----- Materials provided -----

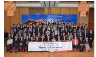
Participants at the IGNITE symposium
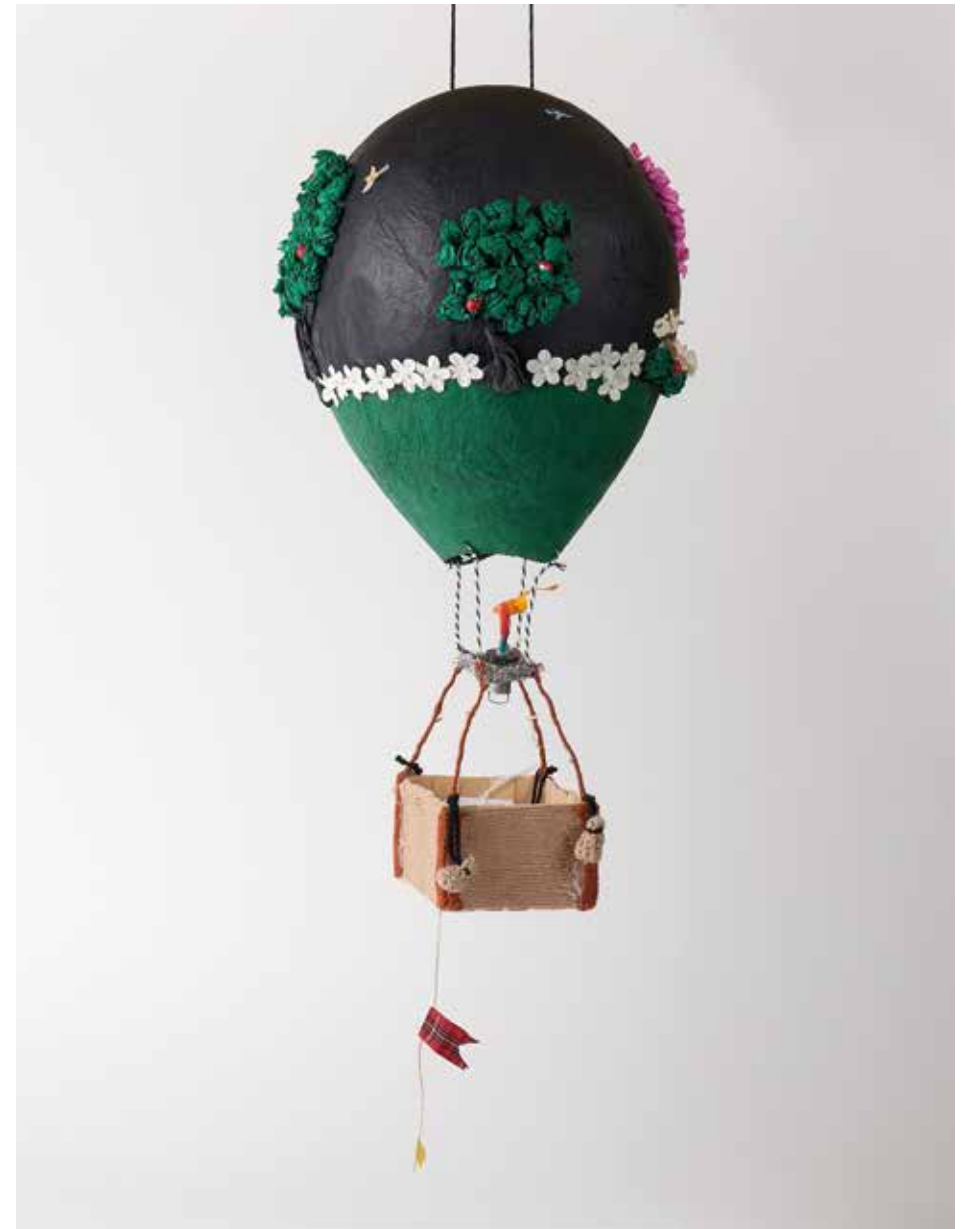
A Day in the Life , The Nelson Trust – Bristol Women's Centre, Commended Award for Themed Category: A Day in the Life
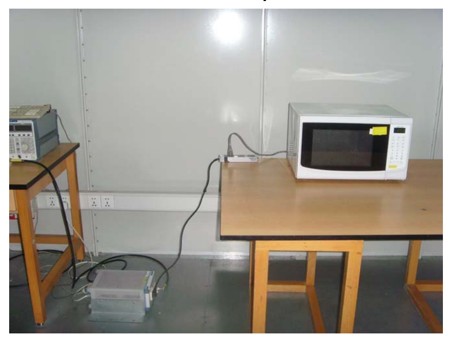
Radiated Emission Test Set-up (30~1000MHz):
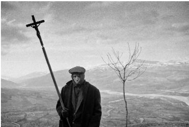
17 © MAURO MARINELLI
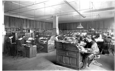
Office McKim Advertising

He worked in the office of A. McKim Advertising.
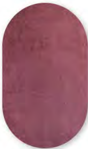
SUEDE E-1656 34
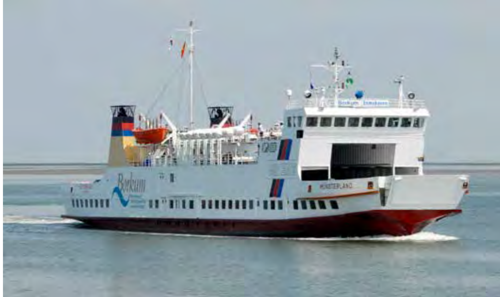
The MS Münsterland will resume its ferry services in 2021
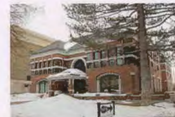
630 E SOUTH TEMPLE OP
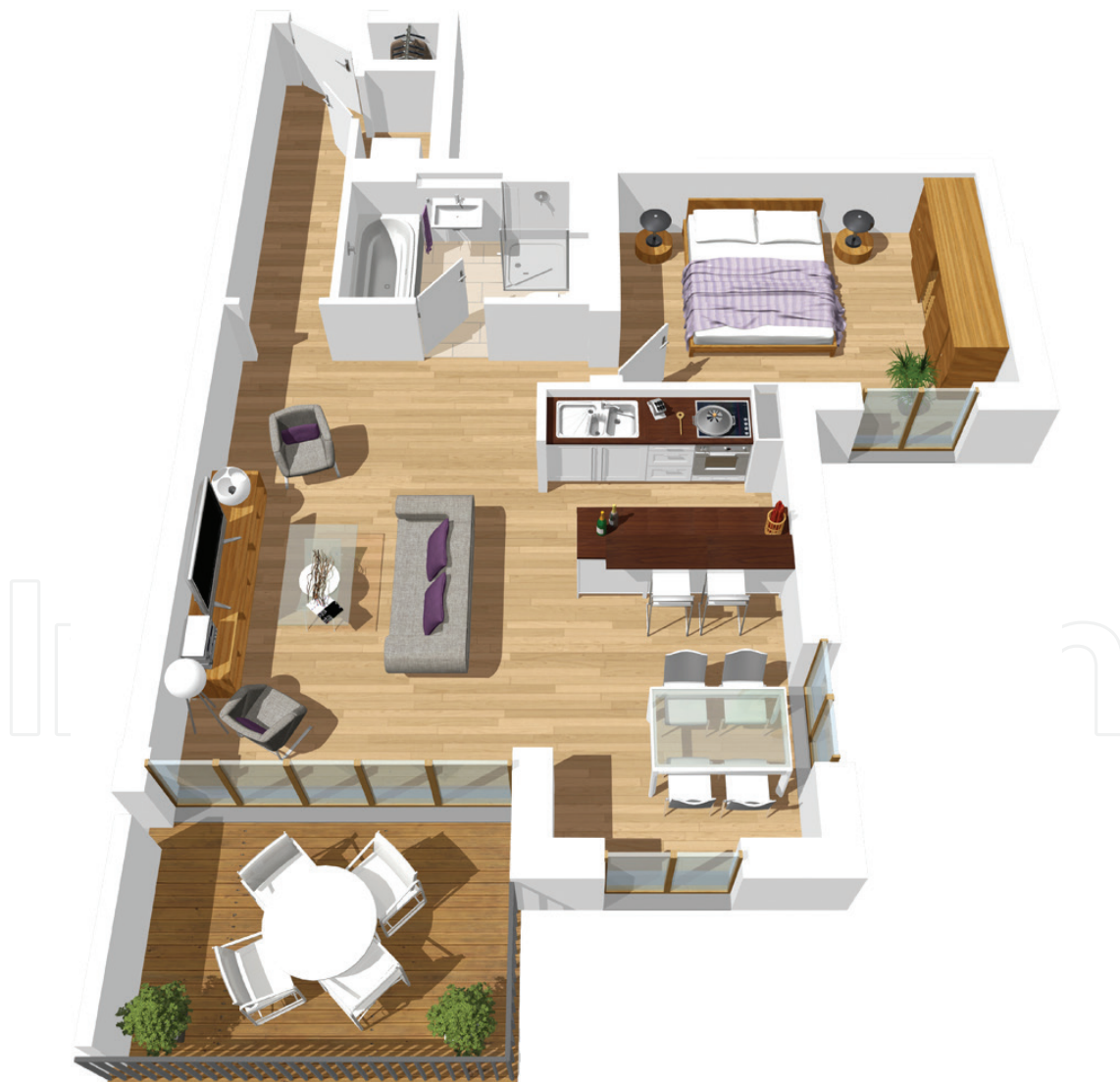
Figure 1. Model of the apartment used in the competitions.
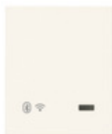
30807.B - IoT connected Gateway 2M white
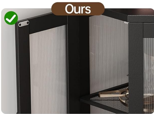
Transparent Doors Easy to clean
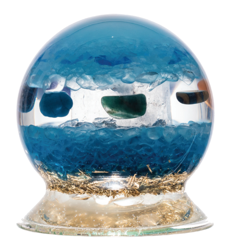
Blue light Price: 60 mm 690 CZK, 90 mm 1 290 CZ
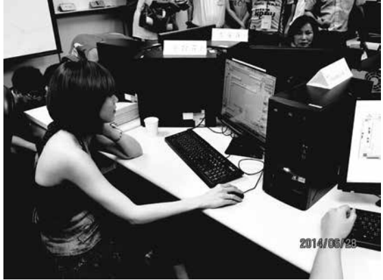
Go 9×9 Man-Machine Tournament
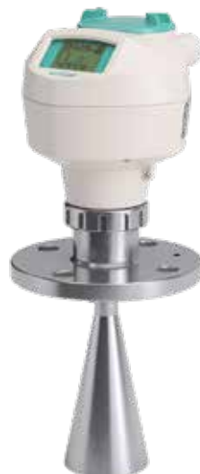
SITRANS LR250 Horn
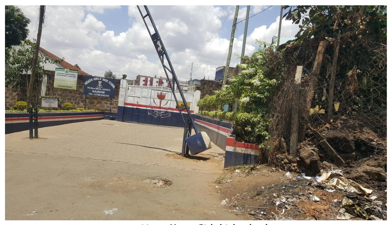
Naighbour; Ngara Girls high school

The proposed location is shown in the pictures below. The co-ordinates of the project sites geographical area are (-1.2783799 S, 36.82678771 E)
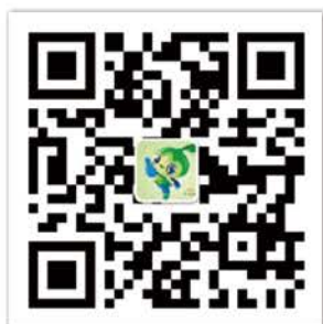
Twitter: Chongqing Ecology and Environment
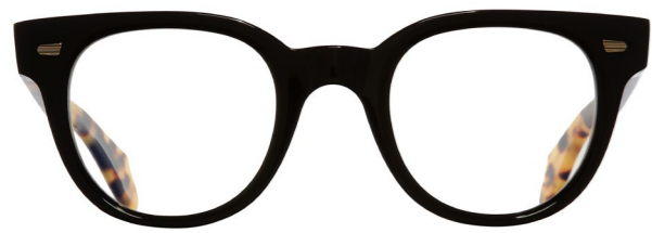
CGOP-1392-49-01 Black on Camo

The 1392 is inspired by the uniform of the Beatniks, which included thick rimmed glasses, cigarette pants and roll neck sweaters. A squared round with perfect proportions; understated, yet immaculately formed resulting in a truly unisex style. Featuring a relaxed fit bridge and comfort milled interior, which favours both form and function.
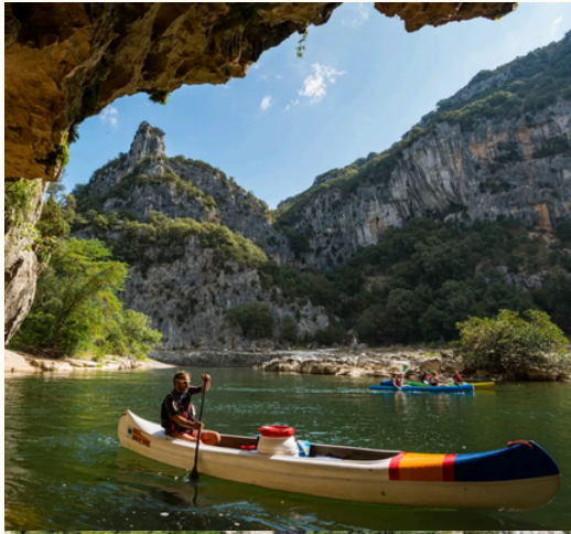
Explore dramatic gorges by foot or canoe

Nearby places to visit on Wednesdays or at the weekend
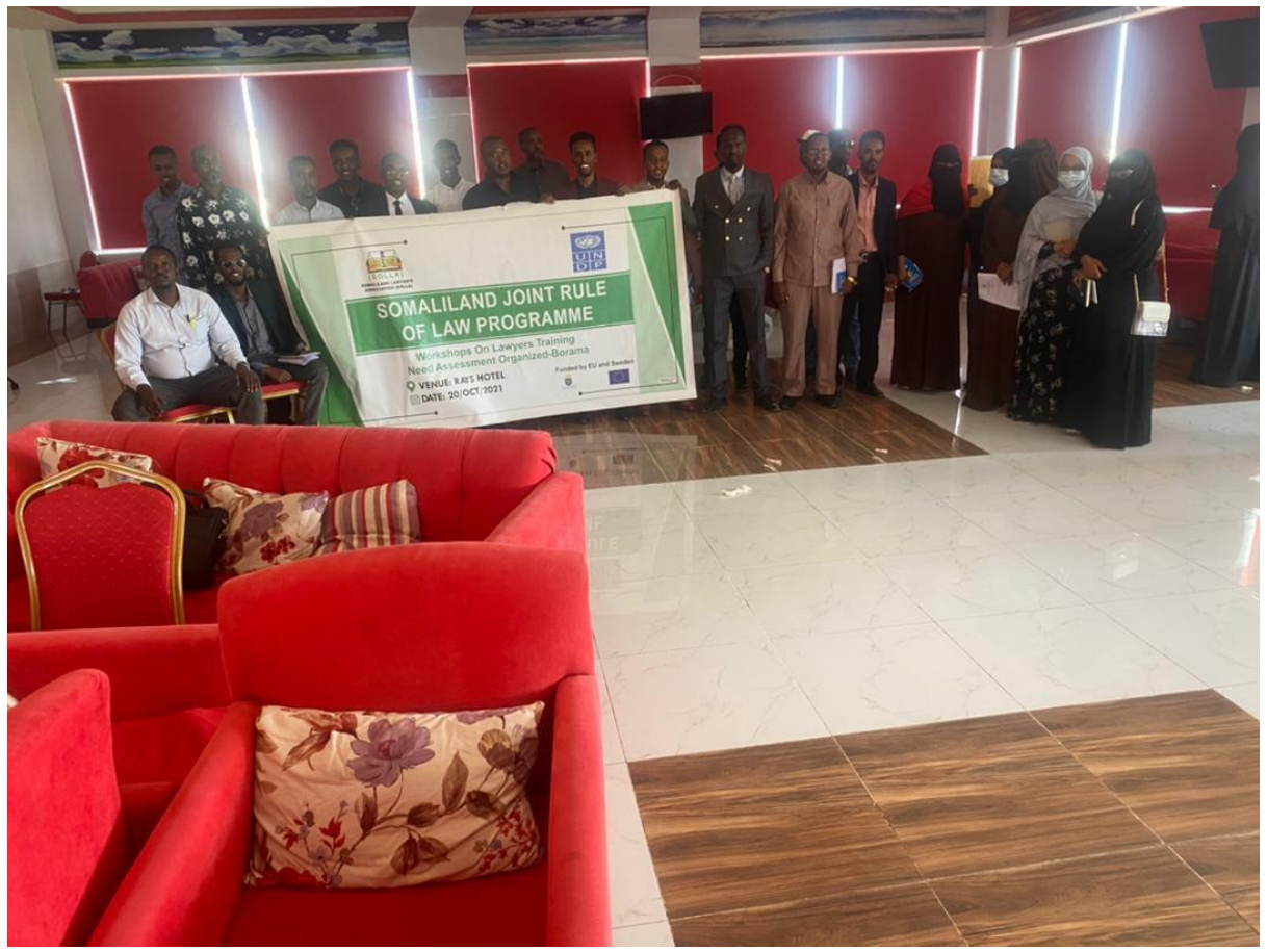
Photo Group of Borama TNA which was held at Rays Hotel on 20 Oct, 2021
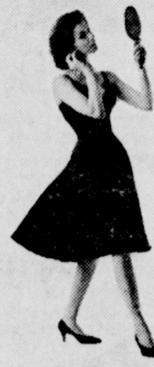
FAMOUS BEAUTY. No frills, no fads. Mercury's lines are trim, clean, classic—stay in style far longer.
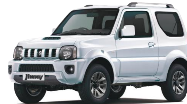
PEARL WHITE METALLIC†
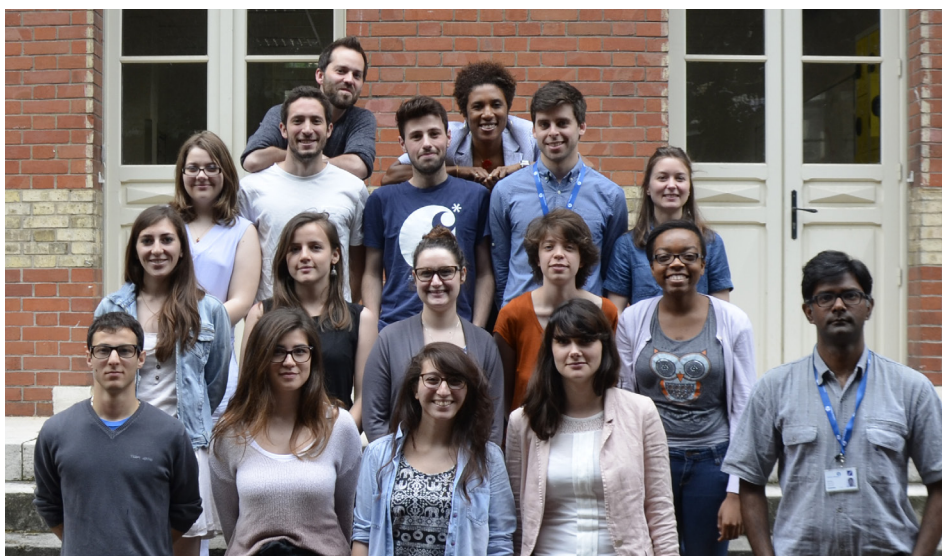
The iGEM Pasteur Paris 2016 Team (partial group shown above) will compete with Mos(kit)o project, for the detection of arboviruses. Read the story on page 6.

could soon be recorded in the Network. Another enticing perspective for international education, the PanAfrican Coalition for Training in Research and Public Health (PACT) is anchored by the 10 institutes of the Network in Africa. Based on local needs, it will provide education tracks through research, in partnership with local universities. Finally, education and training are

-----

What you are asked to do
Among the records above, locate the line containing "Go 9×9 Man-Machine Tournament" and the line containing "Nearby places to", then transcribe exactly the lines starting at the first and ending at the second, with no pictures.

Response to the exercise
Go 9×9 Man-Machine Tournament
SITRANS LR250 Horn
Naighbour; Ngara Girls high school

The proposed location is shown in the pictures below. The co-ordinates of the project sites geographical area are (-1.2783799 S, 36.82678771 E)
Twitter: Chongqing Ecology and Environment
CGOP-1392-49-01 Black on Camo

The 1392 is inspired by the uniform of the Beatniks, which included thick rimmed glasses, cigarette pants and roll neck sweaters. A squared round with perfect proportions; understated, yet immaculately formed resulting in a truly unisex style. Featuring a relaxed fit bridge and comfort milled interior, which favours both form and function.
Explore dramatic gorges by foot or canoe

Nearby places to visit on Wednesdays or at the weekend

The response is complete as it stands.